The law — and Merry’s agency — have received a good deal of scrutiny since the mass shootings that killed 18 people and injured over a dozen more in Lewiston last October.
In the days following the tragedy, Merry disclosed that two of his deputies had attempted to conduct welfare checks on the shooter, Robert Card, but were unable to make contact.
Earlier this year, the deputies told an independent commission that they couldn’t start the process for a weapons restriction order to take Card’s firearms because they weren’t able to bring him into protective custody.
Maine’s yellow flag law, which went into effect in 2020, says an officer with “probable cause to believe that a person may be mentally ill and that due to that condition the person poses a likelihood of serious harm,” can take someone into protective custody, usually at a hospital, for an immediate examination.
There, a medical practitioner, on site or via telehealth, conducts an assessment.
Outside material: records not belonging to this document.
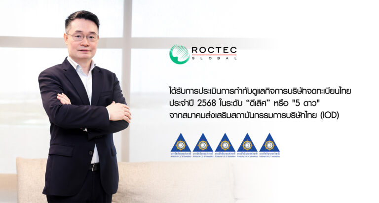 บริษัท ร็อคเทค โกลบอล จำกัด (มหาชน) หรือ ROCTEC ได้รับการประเมินผลการกำกับดูแลกิจการของบริษัทจดทะเบียนไทย (Corporate Governance Report of Thai Listed Companies: CGR) ประจำปี 2568 ในระดับ “ดีเลิศ” หรือ “5 ดาว” จากสมาคมส่งเสริมสถาบันกรรมการบริษัทไทย (IOD) โดยมีสำนักงานคณะกรรมการกำกับหลักทรัพย์และตลาดหลักทรัพย์ (ก.ล.ต.) ให้การสนับสนุน ความสำเร็จครั้งนี้นับเป็นก้าวกระโดดครั้งสำคัญ จากผลการประเมินระดับ “3 ดาว” ในปีก่อนหน้า สู่ระดับสูงสุด สะท้อนถึงความมุ่งมั่นของ ROCTEC ในการดำเนินธุรกิจด้วยความโปร่งใสมีความรับผิดชอบต่อผู้มีส่วนได้ส่วนเสียทุกภาคส่วนและยึดมั่นในหลักธรรมาภิบาลตามมาตรฐานสากลอย่างแท้จริง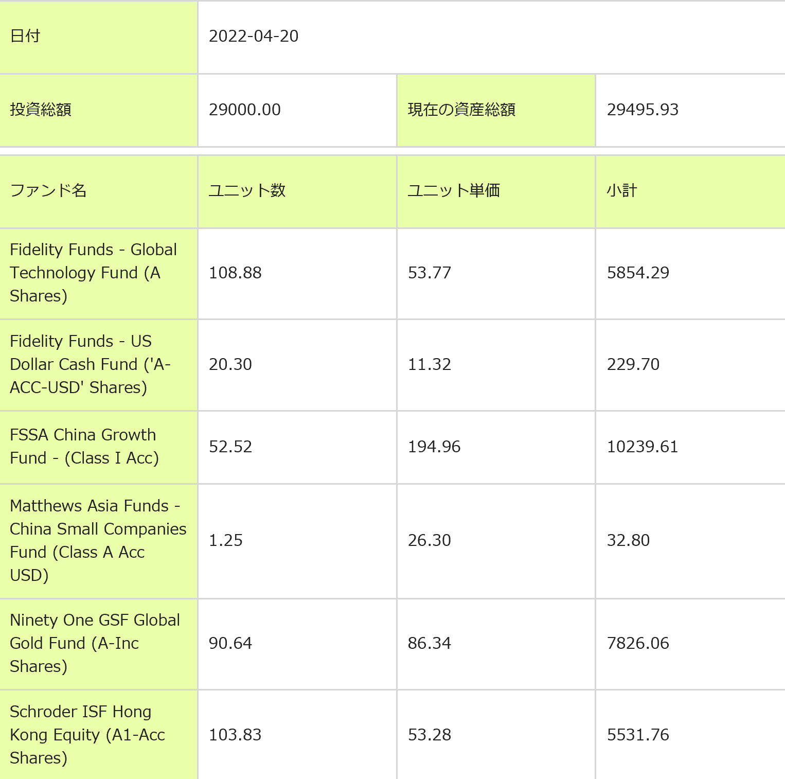 変更後のPFはざっくりチャイナグロース40%、グローバルテクノロジー20%、グローバル金鉱株20%、香港株20%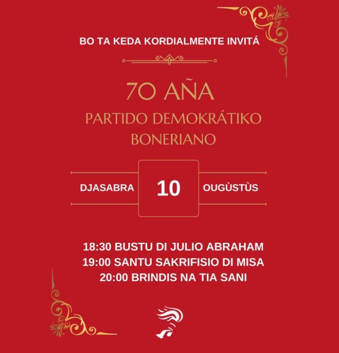 Kralendijk – Dia 10 di ougùstùs 2024 nos lo selebrá un logro spesial: 70 aña di Partido Demokrátiko Boneriano. Pa shete dékada, nos partido ta luchando inkansabelmente pa dignidat i bienestar di nos pueblo. Komo un partido Sosial Demókrata, semper nos a tene nos mes na e balornan ku a guia nos for di kuminsamentu. Sea nos tabata den gobièrnu òf den oposishon, Partido Demokrátiko Boneriano semper a para banda di esnan ku mas mester di yudansa, garantisando ku niun hende no ta keda atras.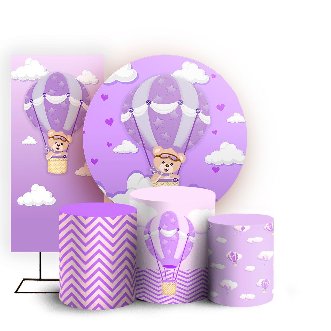 KIT Redondo Trio e Faixa - Ursinha Baloeira Lilás - Sublimado 3D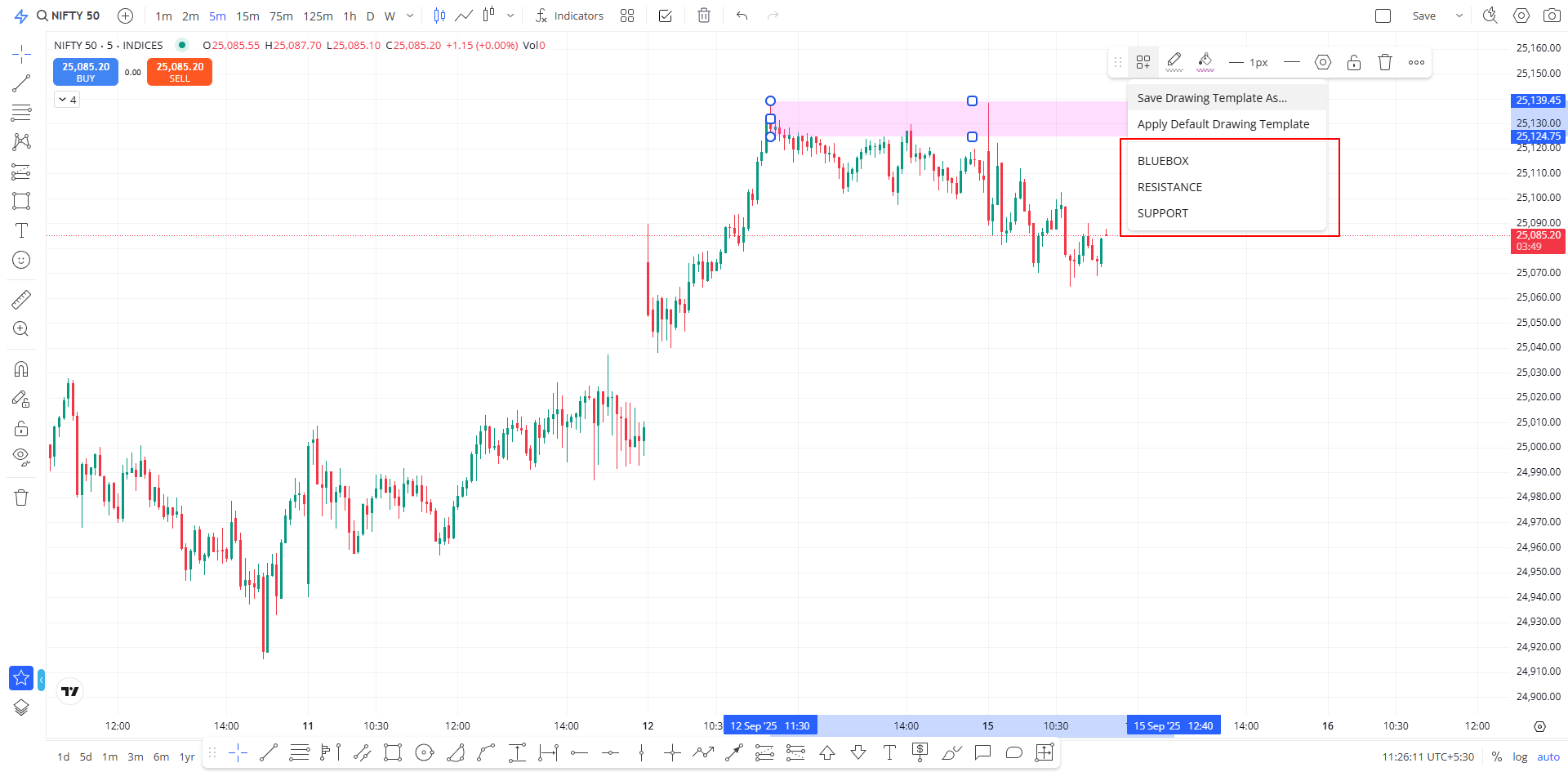 Drawing templates get saved using the save option and is available immediately after saving. But, after using all available “save” options (drawing template save, chart template save, default template save), if the page is refreshed or a new window is opened, the “loading” animation is displayed.

If the person is found to pose a “substantial risk in the foreseeable future of serious physical harm” to himself or others as manifested by recent behavior, the order goes to a judge for a final endorsement. Only with the judge’s sign-off may an officer remove weapons from a person.
In its final report, issued this week, the independent commission said “although the person must be physically taken into protective custody to start the yellow flag process, the Sheriff’s Office had probable cause to take Card into protective custody.”
The officers, in reports and testimony, said they were unable to coax Card out of his house to bring him in, and were unable to start the protective custody process because they were “unable to lay eyes on him.”
“I can’t kick in the door,” Sgt. Aaron Skolfield, the Sagadahoc deputy who attempted the September welfare check, told the commission. “If I had kicked in the door, that would have been against the law.”
‘A good tool’
That process changed earlier this month, when a law to “strengthen public safety by improving Maine’s firearm laws and mental health system” went into effect. The legislation, proposed by Gov. Janet Mills, was one of several gun reform measures that passed this spring.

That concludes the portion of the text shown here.